Some of the proposed revisions include:

  • Children’s Education Allowance: Proposed increase from ₹100 per month to ₹3,000 per month per child (up to two children).

  • Hostel Allowance: Proposed increase from ₹300 per month to ₹9,000 per month per child.

  • Food Allowance and other allowances: Higher exemption limits are also being considered.

  • HRA Benefits: Cities such as Bengaluru, Hyderabad, Pune, and Ahmedabad may be included in the category of cities eligible for higher HRA exemption.

If these changes are approved, salaried individuals will be able to claim larger deductions from their salary components

, reducing their taxable income.

Example: How a ₹30 Lakh Salary Could Benefit

To understand the potential tax savings, consider a salaried employee with an annual salary of ₹30 lakh who receives multiple allowances as part of their compensation package.

These allowances may include:

  • House Rent Allowance (HRA)

  • Employer’s contribution to NPS

  • Children’s education allowance

  • Hostel allowance

  • Leave Travel Allowance (LTA)

  • Food allowance

  • Gift allowance

Under the proposed rules, the exemption limits for these components could increase significantly.

Estimated Annual Exemptions Under Draft Rules Allowance Possible Annual Exemption
HRA (Metro Cities)₹5–6 lakh
Children’s Education Allowance (2 children)₹72,000
Hostel Allowance (2 children)₹2,16,000
Food Allowance₹50,000+
Leave Travel Allowance (LTA)Up to ₹1,00,000
Other allowances₹1–2 lakh

With these exemptions combined, the total tax-free component could reach approximately ₹12.08 lakh.

Comparison of Tax Liability

The draft rules could significantly impact how tax is calculated under the old tax regime.

Here is a comparison based on estimates:

Tax System Total Exemptions Estimated Tax Liability
Current Old Tax Regime₹6.91 lakh₹3.77 lakh
Draft Old Tax Regime₹12.08 lakh₹2.22 lakh
New Tax RegimeLimited exemptions₹4.10 lakh

Based on this comparison, a salaried taxpayer earning ₹30 lakh annually could potentially save around ₹1.72 lakh in taxes

if the draft rules are implemented and the old tax regime is used.

When the Old Tax Regime Could Be More Beneficial

Tax experts note that the benefits of these proposed changes will depend on whether taxpayers can actually utilize the allowances and deductions available under the old tax regime.

For example, the old tax regime becomes advantageous if the taxpayer can claim benefits such as:

  • HRA exemption

  • Investments under Section 80C

  • Health insurance deductions

  • Leave Travel Allowance (LTA)

  • Other eligible allowances

However, if an individual does not have access to many of these exemptions or prefers a simpler tax calculation, the new tax regime may still remain a convenient option.
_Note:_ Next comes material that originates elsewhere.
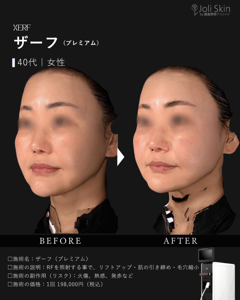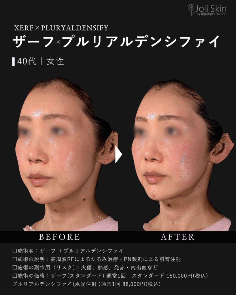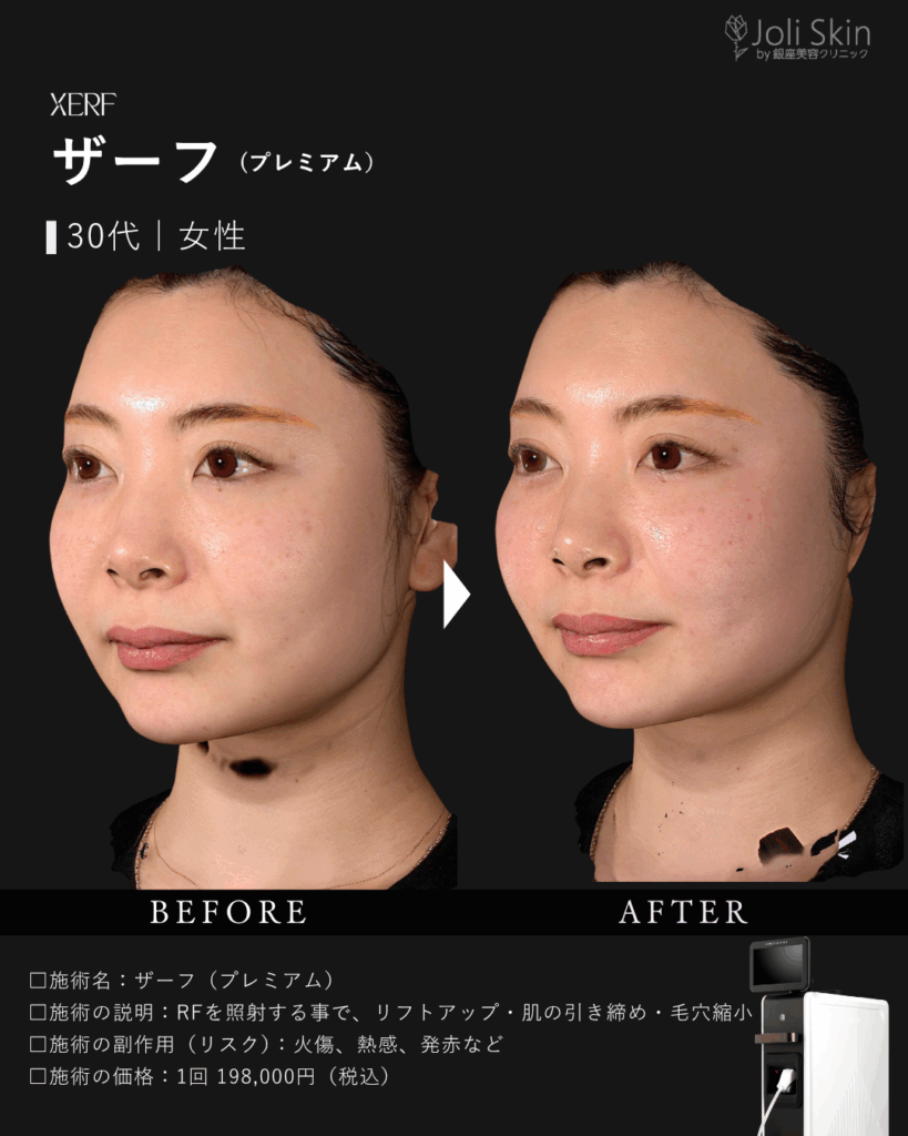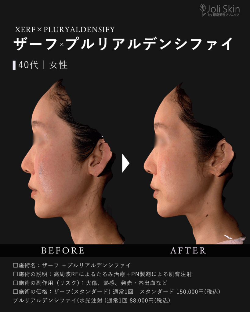 ・施術の説明:高周波RFによるたるみ治療+リガメント(支持靭帯)を補強する製剤

Possible Impact on Tax Planning

If the draft rules are approved, they could significantly reshape tax planning strategies for salaried individuals in India.

Employees may increasingly structure their compensation packages to include allowances with higher tax exemptions

, which would help reduce taxable income.

Financial planners suggest that taxpayers should carefully review their salary structure and tax planning options once the rules are finalized.

Final Approval Still Pending

It is important to note that the Draft Income Tax Rules 2026 are still proposals and have not yet been implemented.

The government may review feedback and make further adjustments before final approval.

If adopted, the changes could bring substantial tax relief for salaried taxpayers, particularly those earning higher incomes and receiving multiple allowances as part of their salary packages.